Maggiore è l’attenzione che concediamo alle coincidenze,
maggiore è la frequenza con cui ci appaiono,
e quindi maggiore sarà la nostra capacità di leggere i messaggi
che ci trasmettono sulla direzione da dare al nostro viaggio terreno.
Deepak Chopra
Per comprendere il senso della struttura, occorre provare a pensare a quando tornate a casa e nel quartiere-paese-città dove siete cresciuti e vi sentite subito come ripiombati in una vecchia atmosfera fatta di tutto: relazioni, umori, abitudini, equilibri, cose che si possono dire e fare e altre che per carità!
Sentite che è proprio difficile mantenere la struttura che avete così faticosamente costruito negli anni e anni di crescita e scoperte e costruzione della vostra realtà adulta quando le pressioni sono mille e una in più di quelle che possiamo sopportare.
Sfido chiunque a mantenere le proprie abitudini alimentari tornando a casa dalla mamma.
“Mamma, i pomodori non mi sono mai piaciuti”.
“E perché non me l’hai mai detto?”.
E niente. E’ una battaglia persa.
Questo esempio che fa sorridere si esplicita meglio quando cerchiamo di cambiare qualcosa che ci fa proprio star male. Un rapporto che è finito ormai da troppo tempo e a cui penso ancora e enormemente. E ci sono talmente dentro che non riesco più nemmeno a pensare ad un’altra storia d’amore possibile per me.
Oppure se vivo una vita senza alcun senso o interesse per il lavoro che faccio o non riesco a relazionarmi senza sentirmi sempre senza stima né valore. Oppure ancora se vivo di paure, di rabbie malcelate, di insoddisfazioni.
Occorre che io cambi struttura. Riferimenti, pensieri, immagini interne, ispirazioni, tipi di rapporto, praticamente ogni cosa. Si dichiarano gli Stati Generali. Guarda, ho deciso di dare un taglio ad un modo intero di vivere e mi sto facendo aiutare (o mi sto sbattendo da solo) per trovare una strada nuova, finalmente fuori dalle stesse dinamiche di sempre.
Ecco cosa si fa per crearsi una nuova struttura.
No, grazie, non vengo. Cerco di fare altro.
Per prima cosa non si cerca più di risolvere quegli agganci che finalmente vediamo come tali. E qui ne abbiamo parlato nel dettaglio, su che cosa smettere di raccogliere.

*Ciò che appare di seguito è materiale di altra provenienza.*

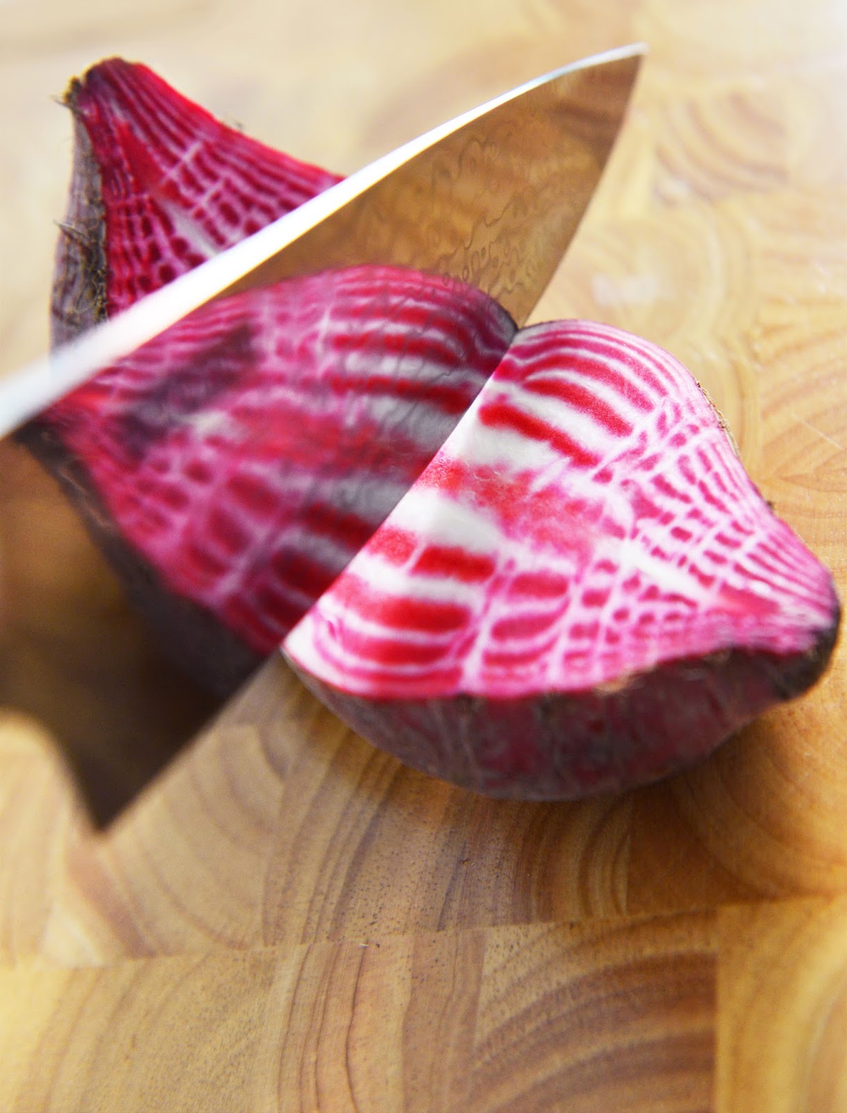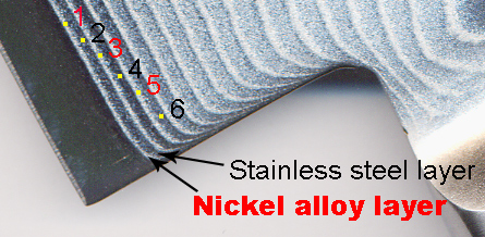A+B et C+D sont alors rattachés au noyau (VG10 chez Kasumi), 8+8+8+8 (+1) = 33 couches. On parle techniquement d’un damas impair. On peut voir les strates à l’oeil nu, l’alternance de couches d’acier étant révélée par l’application d’un acide attaquant certains alliages plus fort que d’autres et colorant ceux qui sont plus réactifs (les alliages inoxydables seront peu affectées par la solution tandis que les aciers au carbone le seront plus).

Se mi sento insoddisfatto, la strada non è più lottare per raggiungere quell’obiettivo e poi quell’altro. Perché alla fine di ognuno sempre insoddisfatto mi ritrovo.
Questo è il lasciare andare di cui abbiamo parlato al punto relativo. Sono le due gambe del nuovo cammino: lasciare andare e costruirsi una nuova struttura, fatta di altri rimandi.

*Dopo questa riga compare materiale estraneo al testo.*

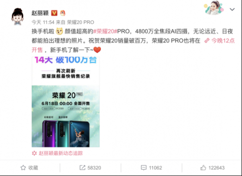 4、14天,荣耀20销量突破百万台,创荣耀手机最新销量速度记录
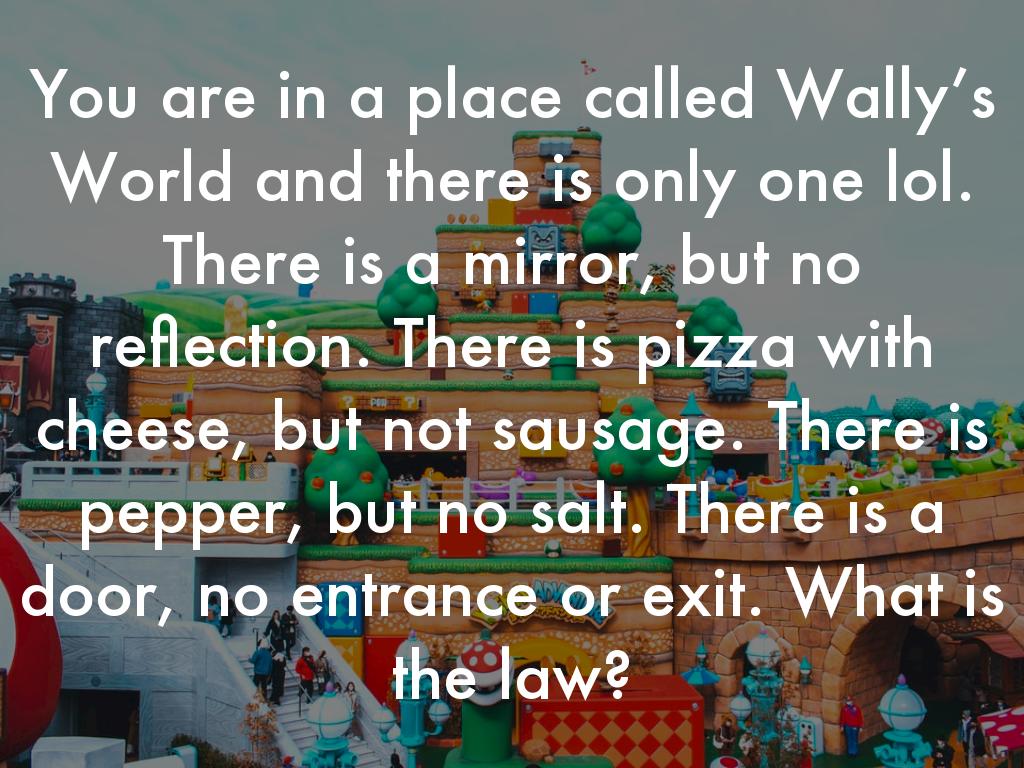 You are in a place called Wally’s World and there is only one lol. There is a mirror, but no reflection. There is pizza with cheese, but not sausage. There is pepper, but no salt. There is a door, no entrance or exit. What is the law?
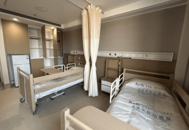 护理院开放床位600余张,主打两人房和三人房。房间的户型布局经过精心设计,十分合理。宽敞明亮的空间,温馨舒适的装修风格,既为长辈们营造了家的氛围,又能满足多人照护陪伴的需求。
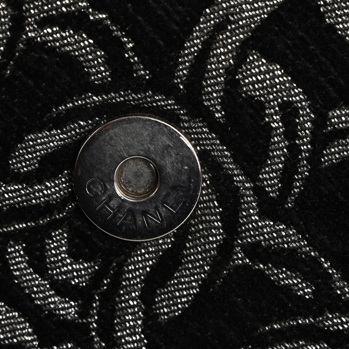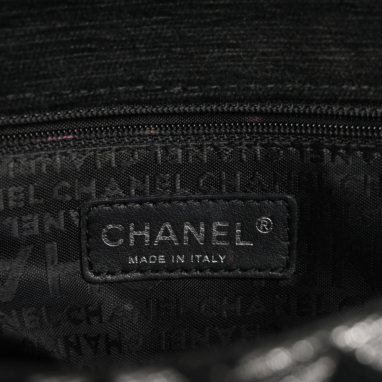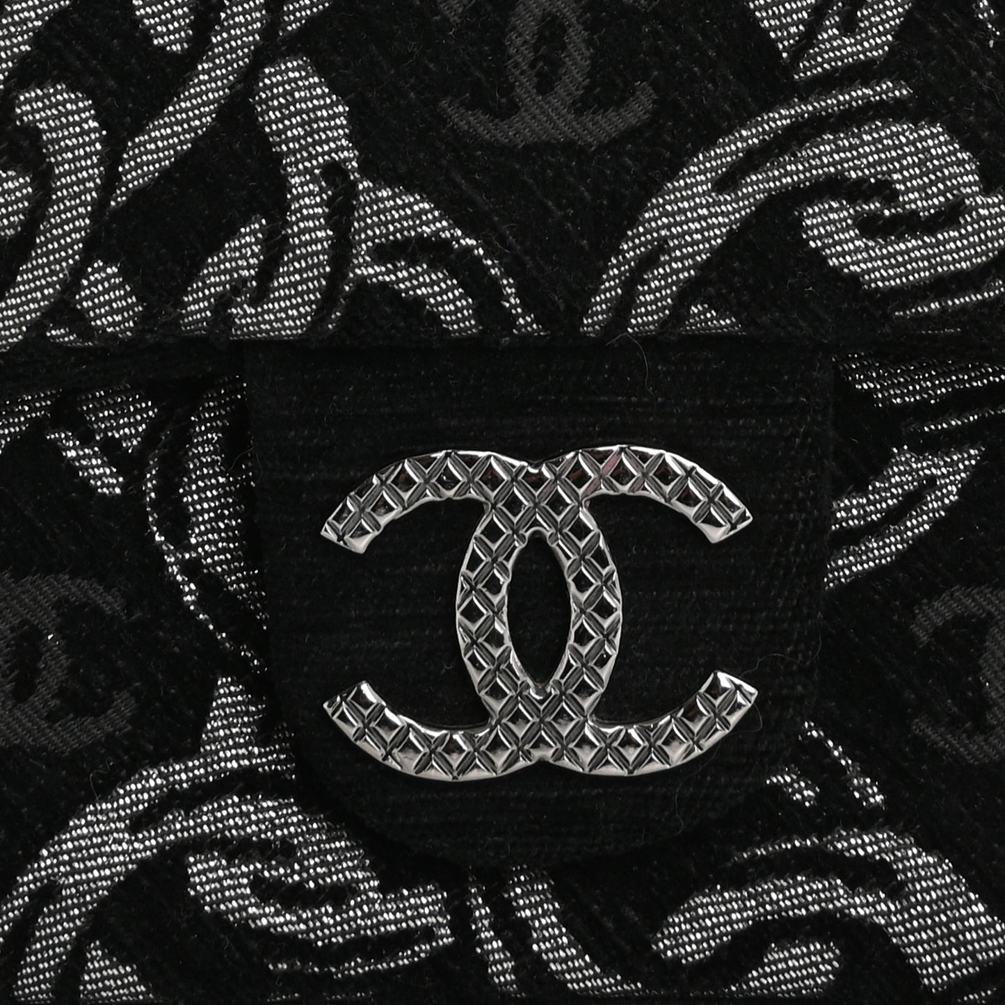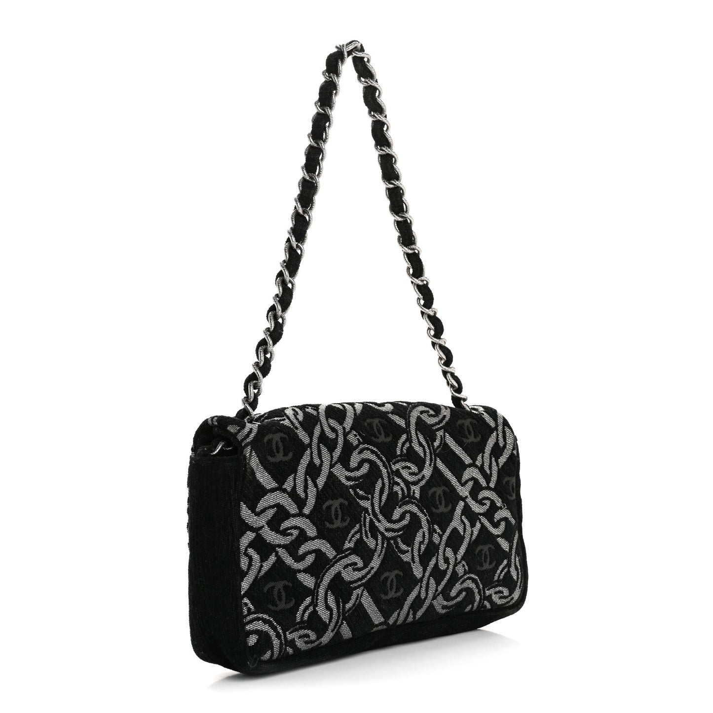 This is an authentic CHANEL Tweed CC Cruise Chain Flap in Black and Silver. This chic clutch is crafted of soft diamond quilted canvas with a silver Chanel Cruise chain print on the crossover flap. The flap opens to a black canvas interior with a zipper pocket and room enough for all of your day or evening necessities with the timeless style of Chanel!Follow this item for alerts. Chanel is a registered trademark of Chanel. FASHIONPHILE is not affiliated with Chanel.

Lasciar andare qualcosa per costruire qualcos’altro. Sempre tra queste due risorse mi muovo. Perché è sul come mai e sulla storia della mia insoddisfazione, che si gioca la partita. Non è più e mai più sul colmare l’insoddisfazione. Perché è una smania interna che va compresa e risolta dentro, e non colmata fuori. E almeno questo risultato ce lo portiamo a casa.

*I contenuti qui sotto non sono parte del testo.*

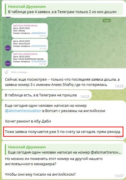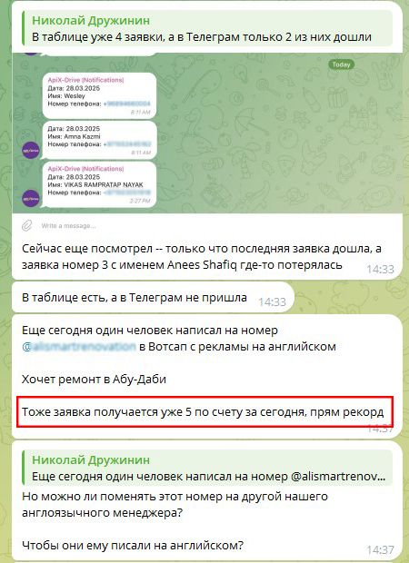 2. Новые заявки будут отображаться в CRM-системе, таблице или чате Телеграм.
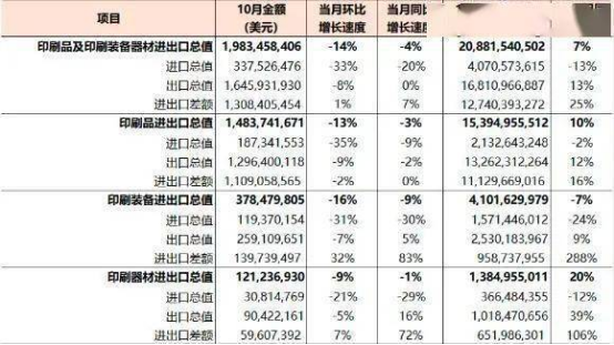 在2022年1-10月國內(nèi)印刷品、印刷裝備、印刷器材進出口總值為208.82億美元,與去年同期相比增長7%。其中,進口40.71億美元、出口168.11億美元。國內(nèi)印刷品、印刷裝備和印刷器材進出口貿(mào)易順差合計127.40億美元。
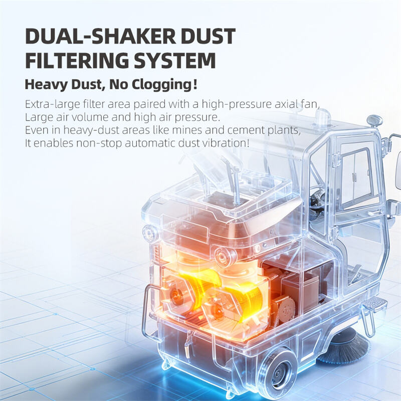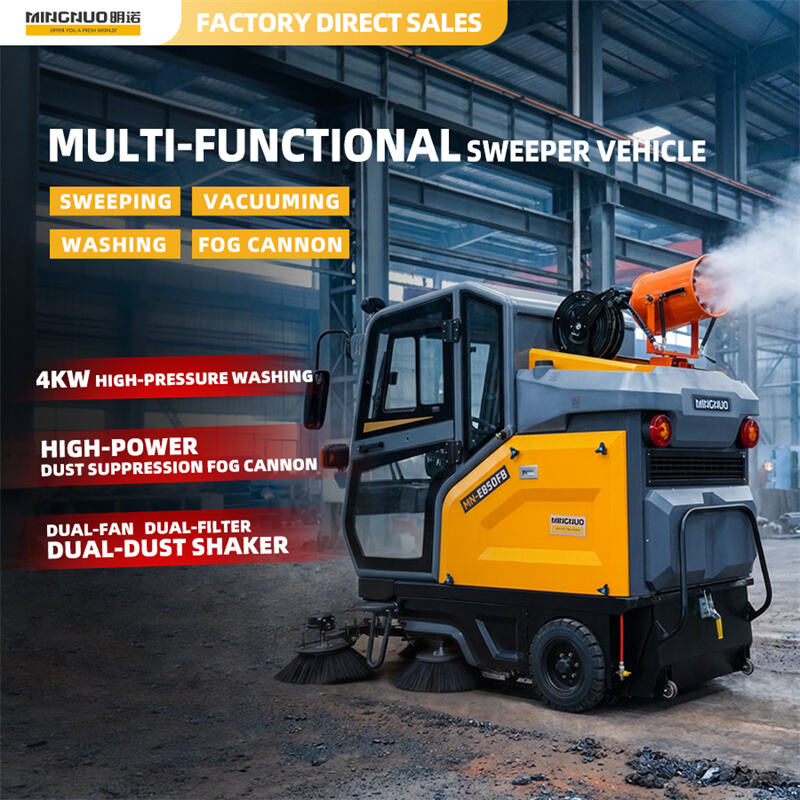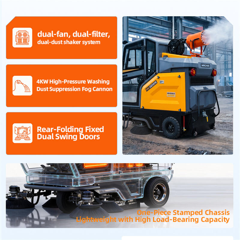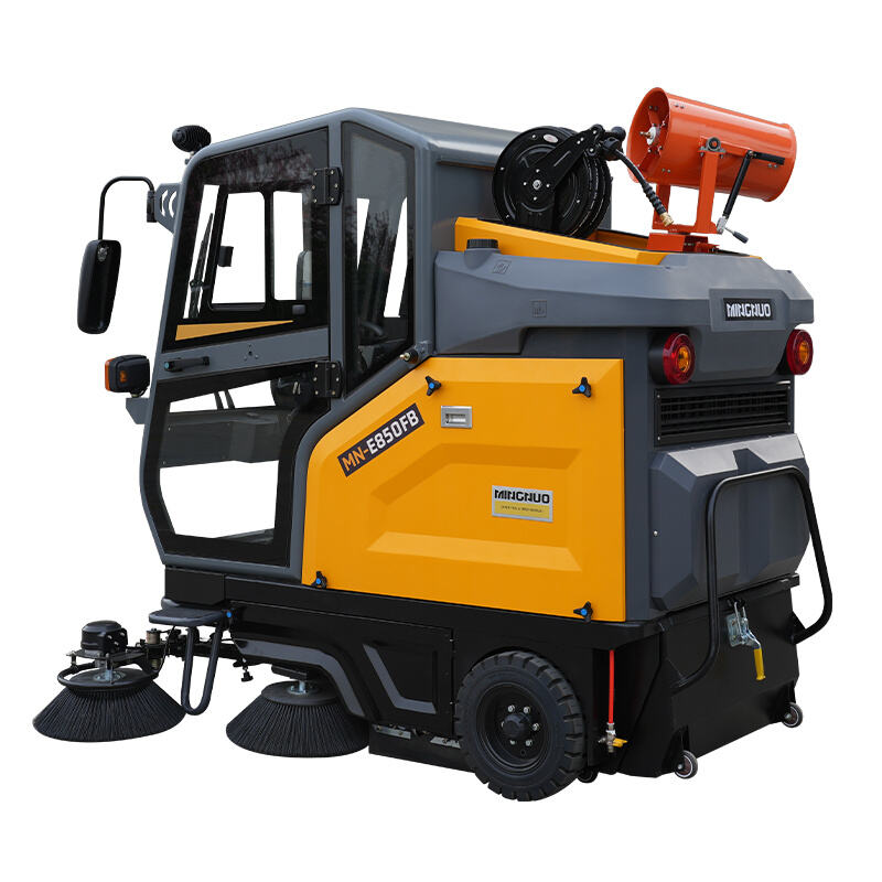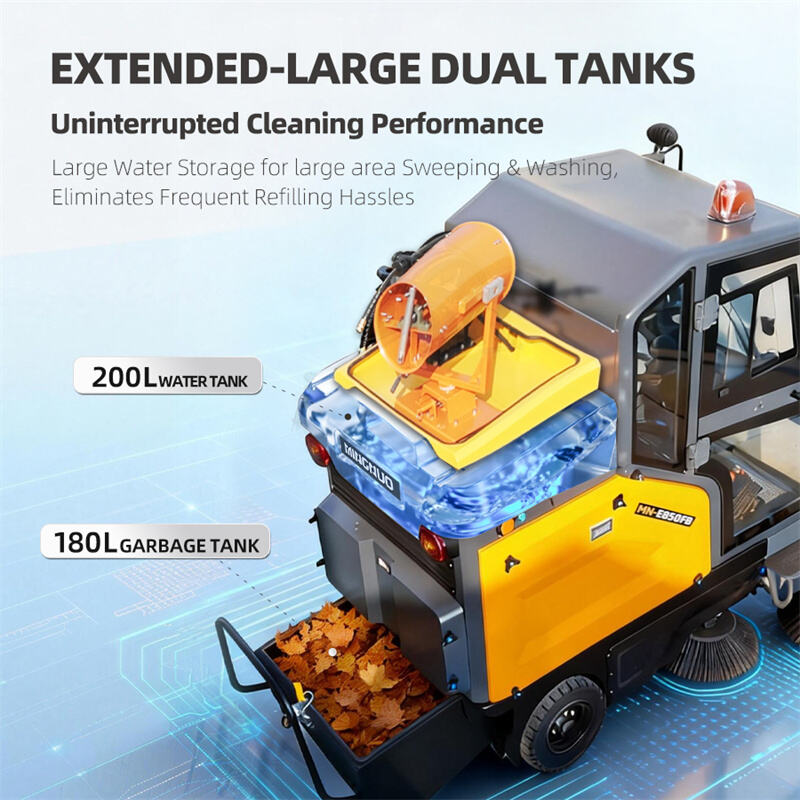 Die MN-E850FB is ’n hoogvermoë elektriese geslote veegmasjien met ’n dubbele ventilator, dubbele-filter en dubbele-skudstofiltersisteem. Dit het ’n groot filteroppervlakte en bewerkstellig outomatiese filterskudding sonder om tydens bedryf te stop, wat uitstekende skoonmaakprestasie en hoë doeltreffendheid verseker. Dit word standaard verskaf met ’n 48 V, 200 Ah ultra-groot kapasiteit litiumbattery vir ’n lang werksduur. Dit is toegerus met ’n 4 kW hoëdrukspoel- en miskanon wat afvalhouers kan spoel, klein advertensies kan verwyder en stofonderdrukking kan uitvoer. Die groot waterspan kan aan die behoeftes van langdurige spuit- en wasbewerkings voldoen, wat dit geskik maak vir verskeie skoonmaaktake.

E qui, come vedete, si parte a ragionare fin da subito in termini di struttura.
A che cosa mi riferisco quando sono insoddisfatto? E come la immagino la mia eventuale situazione soddisfatta? E perché a mio avviso non arriva mai, in modo ogni volta ripetuto?
Ci sono due grandi scenari in questa operazione.
A. Il faidate del proprio sviluppo.
B. E il cammino personale e terapeutico assistito e condiviso in terapia.
Entrambi funzionano agendo sulle stesse leve, più o meno, quindi i contenuti sono quelli: abitudini, relazioni ecc. Li abbiamo appena nominati.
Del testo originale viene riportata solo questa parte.